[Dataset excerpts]
+--

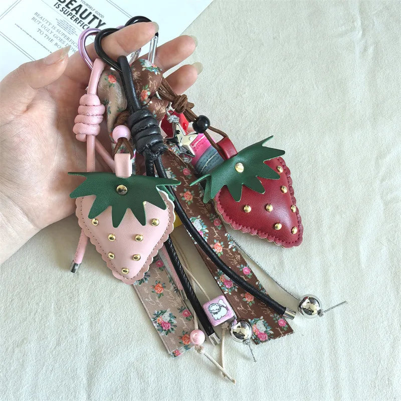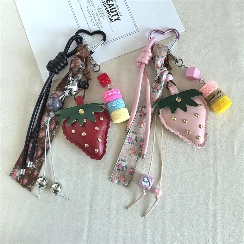 Creative Leather Strawberry Keychain Cute Bag Charm Mobile Phone Chain Accessory Luxury Artificial Leather Wedding Graduation Birthday
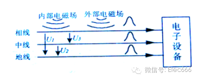 在电源中的干扰分为共模干扰和差模干扰两种,电源线的相线和地线间存在的干扰为共模干扰,如图中的U1;中线和地线间存在的干扰也有共模干扰,如U2;而在线相与中线之间存在的干扰称为差模干扰,如U3。差模干扰电流在相线和中线中大小相等,相位相反。共模干扰在相线和中线中同时存在,大小相等,相位也相同。
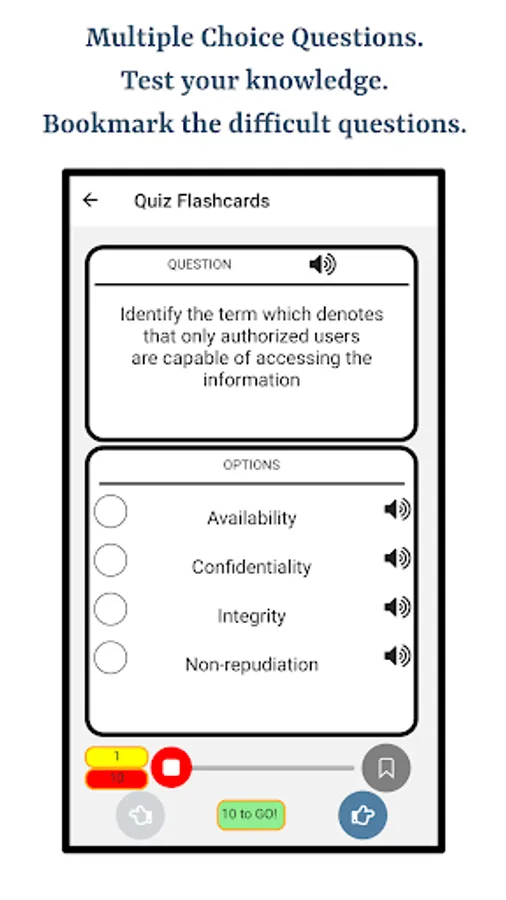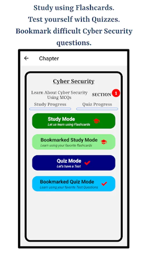 This app is a great resource to learn about Cyber Security. The app is engineered to make users perfect understanding common Cyber Security questions by studying for a very short amount of time. Audio functionality and bookmarking is available throughout the app on chapter, section, study mode and quiz modes.
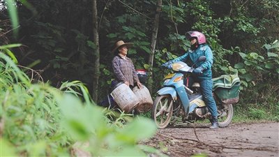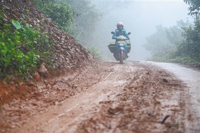 上坡、下坡、再上坡……由于當(dāng)天大霧加上小雨,盡管符蓮香對這條路熟悉得不能再熟悉,但為了將郵包完好無損地送到村民手中,她騎得比平時更加小心。
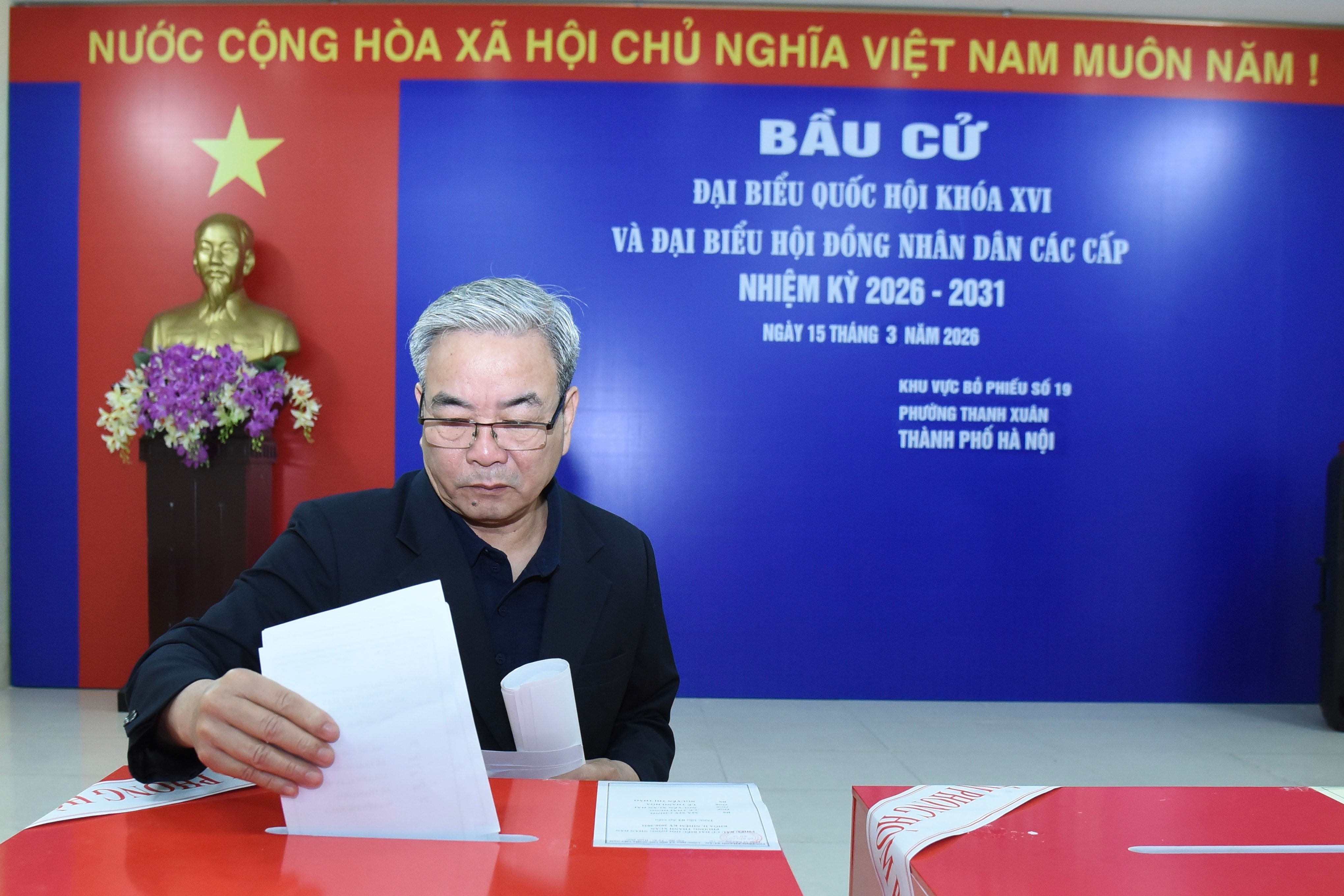Khu vực bỏ phiếu số 19, phường Thanh Xuân, Hà Nội tập trung 3.202 cử tri là cư dân của 4 tổ dân phố, gồm 1.445 cử tri nam, 1.747 cử tri nữ.
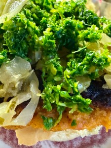 Method: Add the roasted sweet potatoes, roasted bell peppers, and garlic to a food processor and process until broken down. Add everything else except the oats and flour and process until smooth, stopping to scrape down the bowl a few times. Add the oats and flour and pulse through. Chill for 30 minutes. Shape into 8 large burgers. Pan-fry in a hot skillet until hot through and golden brown on both sides. Alternatively, you could bake them, but I haven't tried that. I would put the burgers on parchment paper. Heat oven to 400 degrees and bake for 20-25 minutes, flipping halfway through.Serve with your choice of toppings. I used vegan mayo, mustard, ketchup, raw kraut, and homemade Italian Gremolata.I froze the extras.
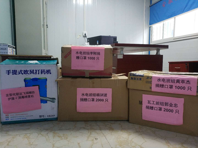 其中,李刚水电班组(2000只口罩)、黄萃杰水电班组(1000只口罩)、杨训波水电班组(1000只口罩)、郭金忠瓦工班组(2000只口罩),振达架业(5000只捐赠公司)、胡运飞定型化班组(防护服+消毒喷雾机)积极行动,通过多种渠道、采取各种措施,筹集到一次性医疗口罩共11000只、防护服1套、消毒喷雾机一台,并第一时间送往时代樾府项目部,助力项目部打赢新冠肺炎疫情防控阻击战。项目经理田龙表示将会将这批物资合理分配到工人手上。班组长们表示会在危急时刻和项目部一起同进退,大家一起“守望相助,共克难关”。
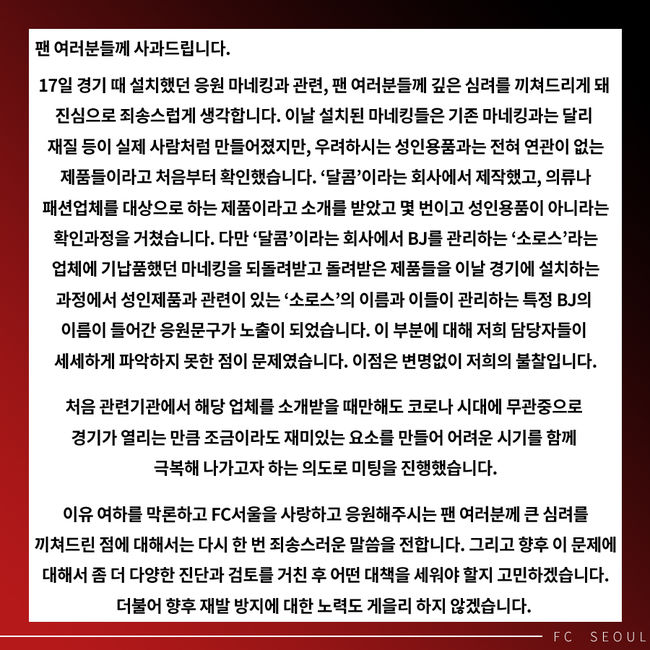서울은 사과문을 통해 "팬 여러분들께 사과드립니다. 17일 경기 때 설치했던 응원 마네킹과 관련, 팬 여러분들께 깊은 심려를 끼쳐드리게 돼 진심으로 죄송스럽게 생각합니다. 이날 설치된 마네킹들은 기존 마네킹과는 달리 재질 등이 실제 사람처럼 만들어졌지만, 우려하시는 성인용품과는 전혀 연관이 없는 제품들이라고 처음부터 확인했습니다. 이유 여하를 막론하고 서울을 사랑하고 응원해주시는 팬 여러분께 큰 심려를 끼쳐드린 점에 대해서는 다시 한 번 죄송스러운 말씀을 전합니다”라고 밝혔다.

+--

* _The problem_: Your reply should be the lines of the records from the start through the line with "Method: Add the", copied word for word, pictures omitted.

* _Answer area_:
 Creative Leather Strawberry Keychain Cute Bag Charm Mobile Phone Chain Accessory Luxury Artificial Leather Wedding Graduation Birthday
 在电源中的干扰分为共模干扰和差模干扰两种,电源线的相线和地线间存在的干扰为共模干扰,如图中的U1;中线和地线间存在的干扰也有共模干扰,如U2;而在线相与中线之间存在的干扰称为差模干扰,如U3。差模干扰电流在相线和中线中大小相等,相位相反。共模干扰在相线和中线中同时存在,大小相等,相位也相同。
 This app is a great resource to learn about Cyber Security. The app is engineered to make users perfect understanding common Cyber Security questions by studying for a very short amount of time. Audio functionality and bookmarking is available throughout the app on chapter, section, study mode and quiz modes.
 上坡、下坡、再上坡……由于當(dāng)天大霧加上小雨,盡管符蓮香對這條路熟悉得不能再熟悉,但為了將郵包完好無損地送到村民手中,她騎得比平時更加小心。
Khu vực bỏ phiếu số 19, phường Thanh Xuân, Hà Nội tập trung 3.202 cử tri là cư dân của 4 tổ dân phố, gồm 1.445 cử tri nam, 1.747 cử tri nữ.
 Method: Add the roasted sweet potatoes, roasted bell peppers, and garlic to a food processor and process until broken down. Add everything else except the oats and flour and process until smooth, stopping to scrape down the bowl a few times. Add the oats and flour and pulse through. Chill for 30 minutes. Shape into 8 large burgers. Pan-fry in a hot skillet until hot through and golden brown on both sides. Alternatively, you could bake them, but I haven't tried that. I would put the burgers on parchment paper. Heat oven to 400 degrees and bake for 20-25 minutes, flipping halfway through.Serve with your choice of toppings. I used vegan mayo, mustard, ketchup, raw kraut, and homemade Italian Gremolata.I froze the extras.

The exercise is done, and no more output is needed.